Geographical and migration epidemiological studies, backed up by experimental studies, have produced overwhelming evidence that diet drives colon cancer risk, with high intakes of meat and fat increasing risk, and high consumption rates of fiber rich foods, such as grains, fruits and vegetables, reducing risk.
To test the hypothesis that cancer risk is determined by the effect the diet has on the composition and function of the microbiota to produce metabolites that either promote mucosal health or are inflammatory and neoplastic, they conducted studies in populations of high and low risk, namely African Americans who have the highest risk in the USA, and rural Africans, who rarely get the disease, and confirmed that high meat and fat intakes in Americans were associated with increased mucosal proliferation rates – a biomarker of cancer risk, while high fibre African diets were associated with low proliferation rates.

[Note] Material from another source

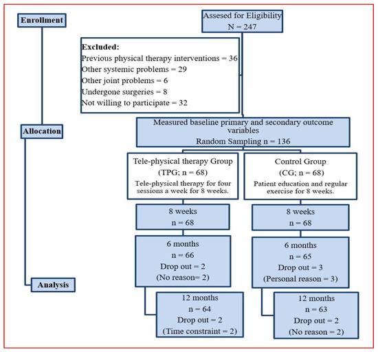 Prior to participants’ enrollment in the study, a general physician evaluated 247 participants according to the eligibility criteria to identify those suitable to be included in the trial. Of the 247 participants, 136 were randomized into either of two groups, the tele-physical therapy group (TPG; n = 68) and the control group (CG; n = 68), through computer generated random number method and the subject numbering was given consecutively as per their enrollment in the study.
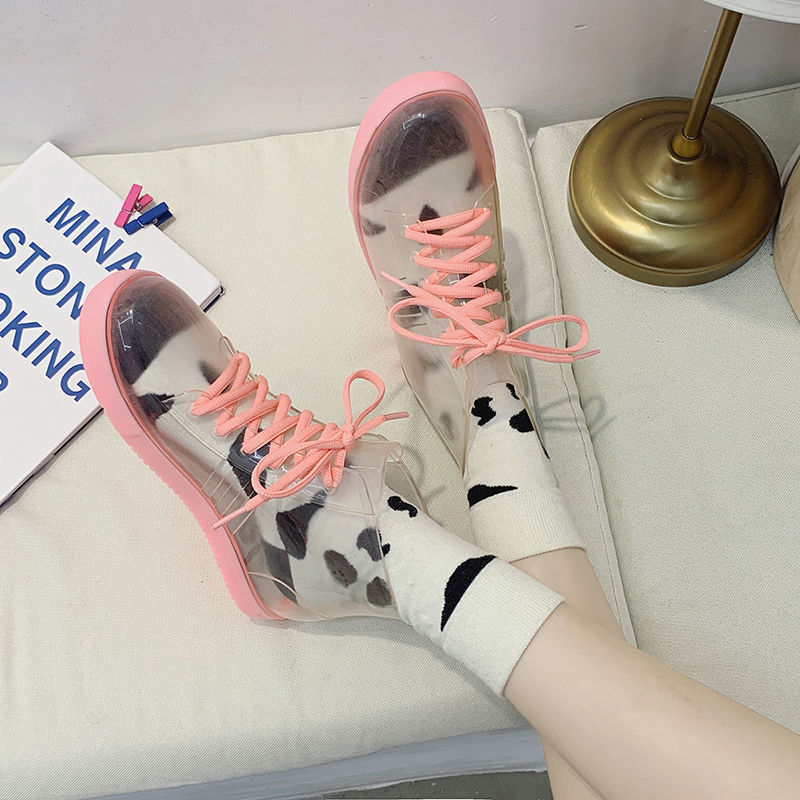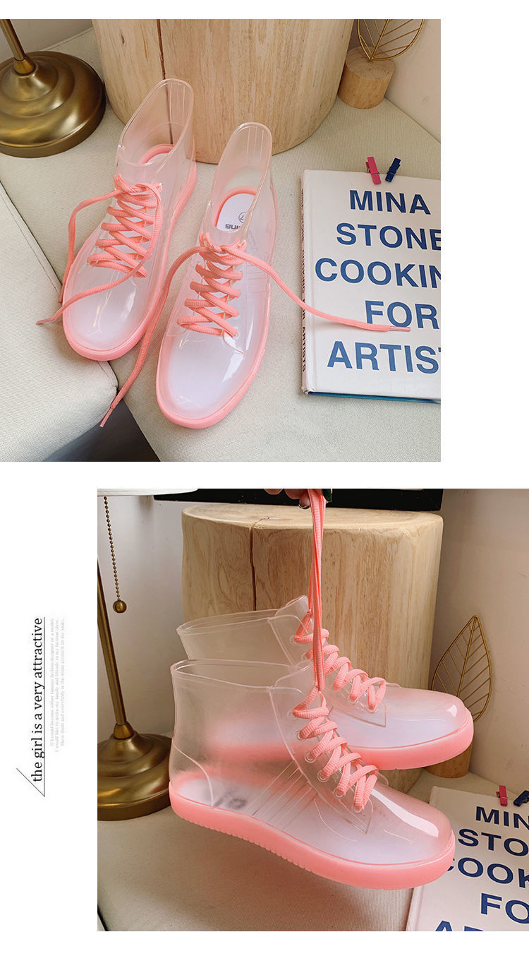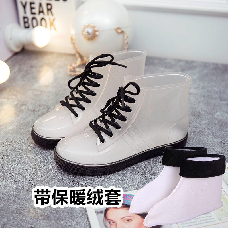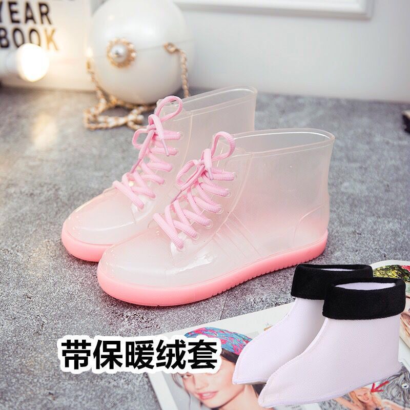 透明可爱成人短筒雨鞋女防水鞋防滑胶鞋套鞋韩式时尚款外穿雨靴秋

Simultaneous measurement of the microbiota and metabolome showed dramatic differences in the microbiota composition and function.
The structure of the African colonic microbiota was considerably more robust, with amplification of the bacterial groups associated with complex plant carbohydrate degradation and butyrate production. Targeted analysis confirmed higher numbers of butyrate-producing bacteria and butyrate, which has profound anti-neoplastic properties in experimental models.
In contrast, secondary bile acid producing bacteria and their products, which have carcinogenic properties, were higher in African Americans. Most recently, the team demonstrated that dietary switch between these two populations produces reciprocal changes in the microbiome, metabolome, and mucosal biomarkers of risk within 2 weeks, leading to the conclusion that modification of the diets of westernized populations to contain high fiber (>45g/d) foods, such as grains and beans, together with lower intakes of animal fats, can be expected to have an immediate effect on cancer risk.